§ **Work to be completed**: Every line from the one containing "作品は《ガイドツアー》《働く" to the one containing "- 商品名称:翼航正品优质线缆ZRYJV22 0.6/1kV" in the records below, both included, must be set down exactly, and no other line.

*** Opening of Information given ***

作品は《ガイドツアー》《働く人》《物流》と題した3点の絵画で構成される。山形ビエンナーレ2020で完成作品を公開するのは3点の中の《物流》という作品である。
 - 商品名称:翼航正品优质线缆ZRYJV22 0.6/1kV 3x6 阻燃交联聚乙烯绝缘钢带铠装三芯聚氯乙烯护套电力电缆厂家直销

*** Close of Information given ***
*** Opening of Information given ***

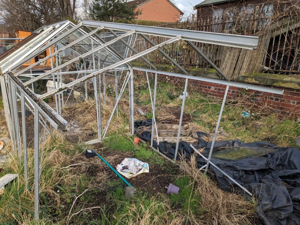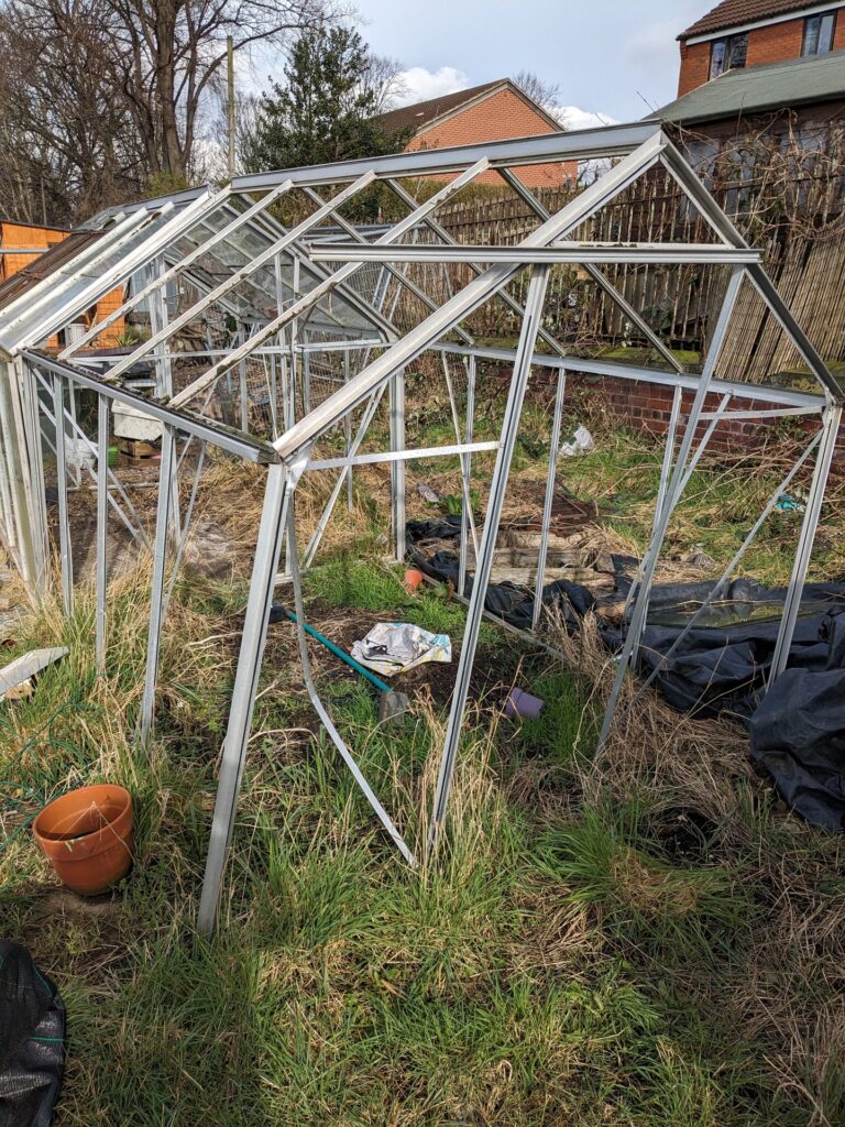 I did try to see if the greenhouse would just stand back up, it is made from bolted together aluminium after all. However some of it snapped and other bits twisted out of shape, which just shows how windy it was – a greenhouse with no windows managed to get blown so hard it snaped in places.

*** Close of Information given ***
*** Opening of Information given ***

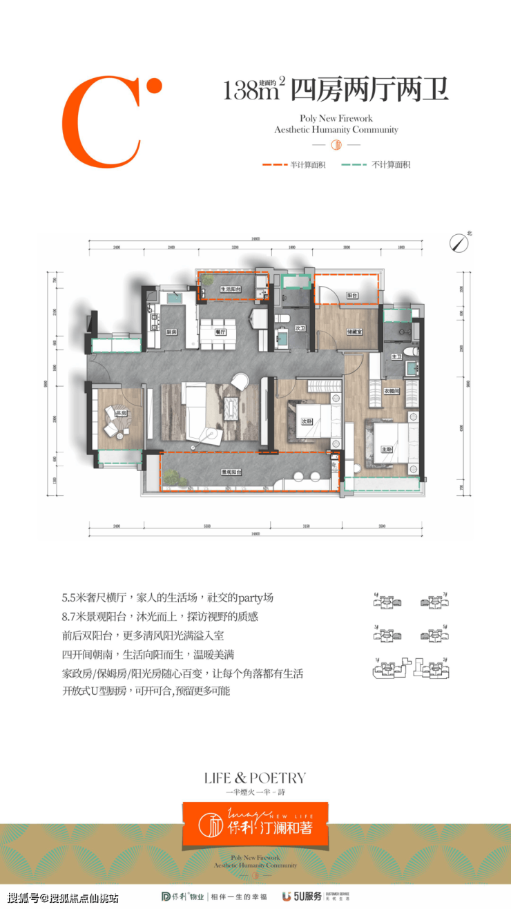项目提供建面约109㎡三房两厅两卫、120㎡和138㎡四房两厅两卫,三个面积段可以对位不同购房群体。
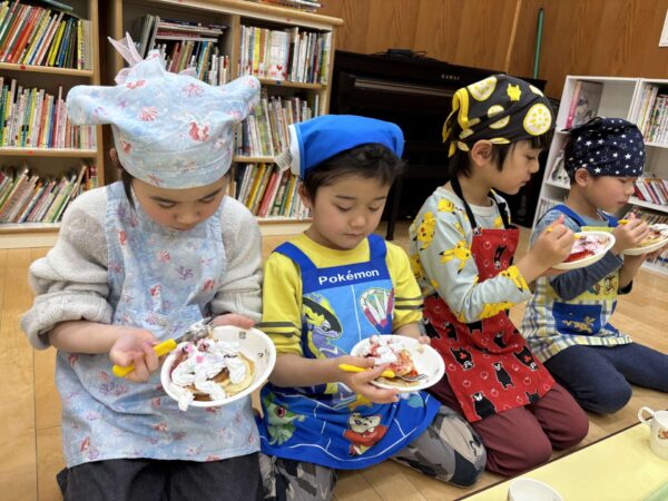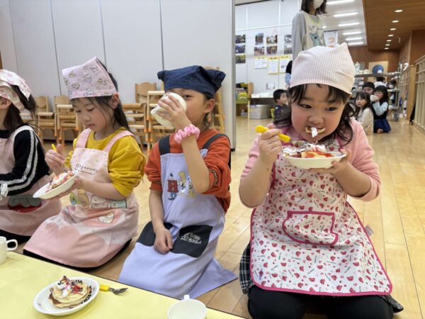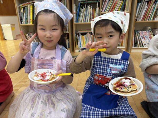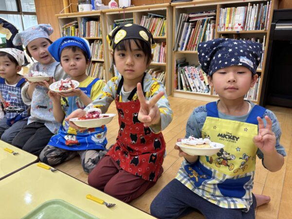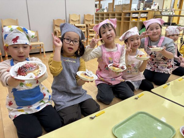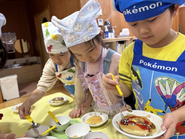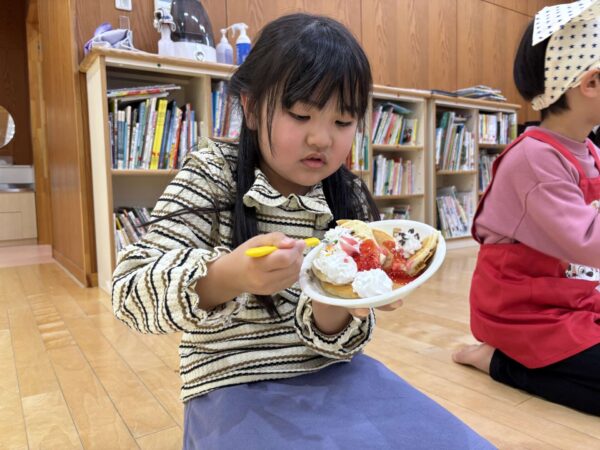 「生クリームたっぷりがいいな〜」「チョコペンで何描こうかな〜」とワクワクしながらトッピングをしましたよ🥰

*** Close of Information given ***

§ **Worked solution**:
作品は《ガイドツアー》《働く人》《物流》と題した3点の絵画で構成される。山形ビエンナーレ2020で完成作品を公開するのは3点の中の《物流》という作品である。
 - 商品名称:翼航正品优质线缆ZRYJV22 0.6/1kV 3x6 阻燃交联聚乙烯绝缘钢带铠装三芯聚氯乙烯护套电力电缆厂家直销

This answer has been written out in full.